Hence the shallow posts as of late. And hence the lack of comments on any of your blogs. And the mismatched socks I'm sporting. Although it's possible the socks thing is just a coincidence.

The point is, Reader, until I get to a place where other, more blog-worthy thoughts occupy my mind (I'm pretty sure that place is on a mountaintop in Nepal... or possibly Malibu), you're going to be stuck with more of these cursory posts. Like this one. Hooray for puerility!

Remember how I'm a moviequoteophile? Yeah, that's right. Check me out, making up my own words and such. How's that for deep?

Anywho, I'd like to reward you for getting this far in this insipidly boring post by giving you a little game to play! Yea! Here's how it works: I'm going to post a few obscure quotes from some of my favorite quotable movies. I'll only post the first half - your task, Reader, is to complete as many of them as you can and put the answers in my comments.

You don't even have to know what movie it's from! AND, if you don't know the answer, MAKE IT UP!!! You'll get points for being right, but you'll get TOTALLY ARBITRARY BONUS POINTS if you're creative!

Please, don't cheat. Not only do cheaters go to Hell (and my hand basket is already going to be pretty full with all the treats and DVDs Kenna and I are planning to pack), but it'll also be so much more fun for me if you get them wrong.

I'll put the answers up in the comments to this post in ONE WEEK, at which point I will also announce the winner.
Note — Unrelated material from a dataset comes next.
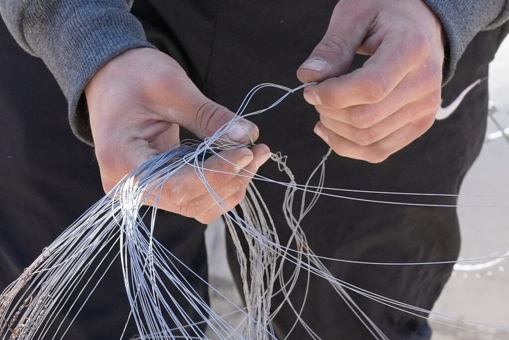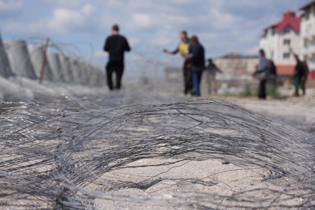 Між тетраподами — щільні смуги загороджень із колючого дроту: сітка «Єгоза» та сітка «путанка». Вони не просто ускладнюють рух — вони сплутують, затримують і змушують зупинятися. Разом ці елементи працюють як єдина система, де кожен метр узбережжя під контролем і має своє призначення.

What becomes of the winner, you ask? Bwahahahaha..... Let the fun commence!

1) "Okay, she is deranged. ____________________________."
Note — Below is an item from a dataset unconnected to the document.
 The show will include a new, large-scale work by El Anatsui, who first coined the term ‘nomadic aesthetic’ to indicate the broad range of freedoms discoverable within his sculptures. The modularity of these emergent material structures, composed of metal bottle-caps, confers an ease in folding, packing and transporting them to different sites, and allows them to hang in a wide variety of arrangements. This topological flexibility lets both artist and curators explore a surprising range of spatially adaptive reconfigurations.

2) "The only serious relationship I've been in ended in a broken collarbone and _______________________."

3) "I cannot get married in your mother's dress! She and I are not built the same way." "We can have it altered." "__________________________!"

4) "Watch it, bud!" "Who you calling bud, pal?" "Who you calling pal, friend?" "______________________________?"
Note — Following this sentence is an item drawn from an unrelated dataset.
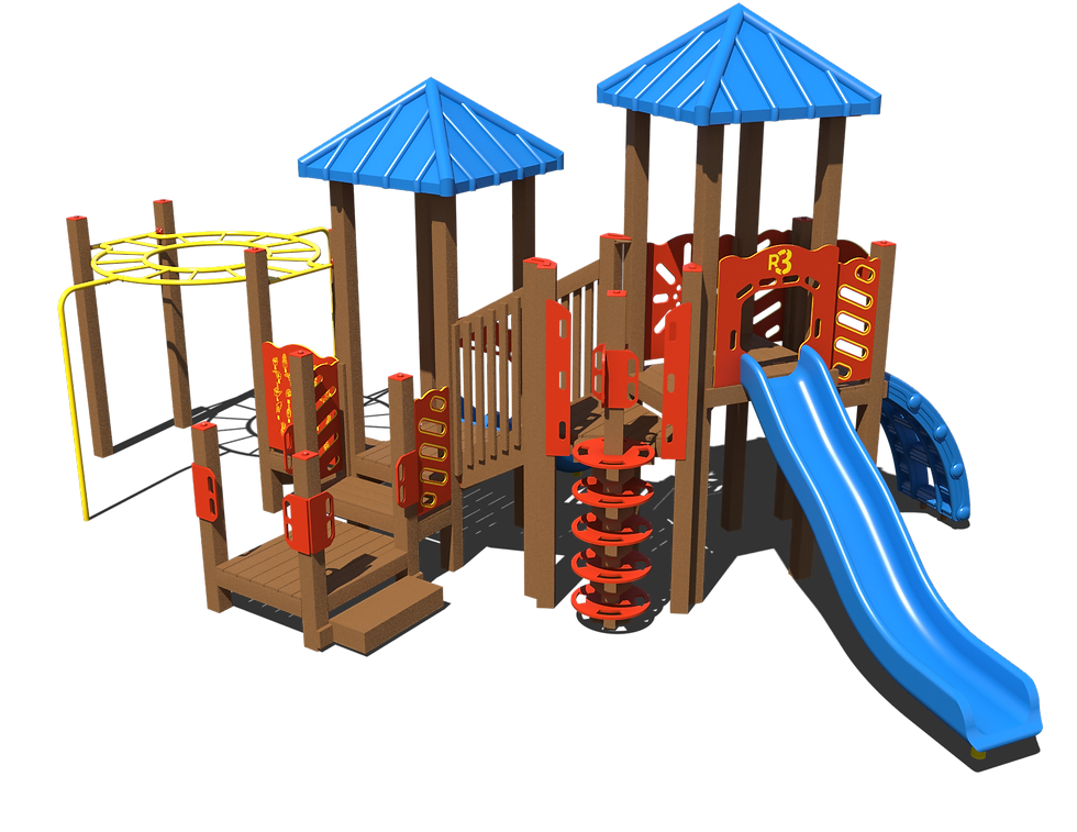 Are you looking for a natural-looking playground? Our commercial recycled playgrounds could be just what you’re looking for. The decks, posts, and barriers on our recycled play equipment are 100 percent recycled from post-consumer plastic products like milk jugs. These recycled playground components are reinforced with fiberglass elements for even greater strength that prevents deterioration like what you’d expect from a traditional wood playground. These playgrounds may look and feel exactly like wood but they don’t come with all unwanted maintenance! They're protected from corrosion, rotting, and cracking while also resistant to salt spray, termites, oil, and fungus.

5) "I think it's a mail plane." "How can you tell?" "___________________________?"

6) "Only the meek get pinched. ___________________________."

7) "I was hoping she was expelled, ___________________________."

8) "Only one thing in the world could have dragged me away from the soft glow of ____________________________________."

9) "You leave little notes on my pillow. I told you 158 times I can't stand little notes on my pillow. __________________________________. ________________________________________________!"

10) "I'd say I'm a pretty darned good father. My father tried to eat me. ________________________________________!"

5 comments:

kenna said...

Who you calling friend jackass?!

kenna said...

I don't remember trying to eat Timmy.

kenna said...

We're all out of cornflakes.

Anonymous said...

8 - electric sex.

That's all I know.

Kristen said...

Okay, Kenna is the clear cut winner! You'll be getting some sort of awesome prize. Trust me. It's... awesome.

1) "Okay, she is deranged. But so, so playful." [Everything Is Illuminated]

2) "The only serious relationship I've been in ended in a broken collarbone and a dead meerkat." [Run, Fatboy, Run]

3) "I cannot get married in your mother's dress! She and I are not built the same way."
"We can have it altered."
"Oh, no you don't!" [Some Like It Hot - if you haven't seen this movie, for shame. This quote is funny because both people talking are dudes. Think about it. You'll get it.]

4) "Watch it, bud!"
"Who you calling bud, pal?"
"Who you calling pal, friend?"
"Who you calling friend, jackass?!" [Ocean's Eleven]

5) "I think it's a mail plane."
"How can you tell?"
"Didn't you see its little balls?" [Three Amigos]

6) "Only the meek get pinched. The bold survive." [Ferris Bueller's Day Off]

7) "I was hoping she was expelled, or into hard drugs." [Juno]

8) "Only one thing in the world could have dragged me away from the soft glow of electric sex gleaming in the window." [A Christmas Story]

9) "You leave little notes on my pillow. I told you 158 times I can't stand little notes on my pillow. 'Dear Oscar, we're all out of cornflakes, F.U.' It took me three hours to figure out that 'F.U.' was for 'Felix Ungar'!" [The Odd Couple - again, if you haven't seen it, I'm disowning you.]

10) "I'd say I'm a pretty darned good father. My father tried to eat me. I don't remember trying to eat Timmy!" [Fido]


So, Reader, there you go. That was a fun little game for Kenna and Mom to play.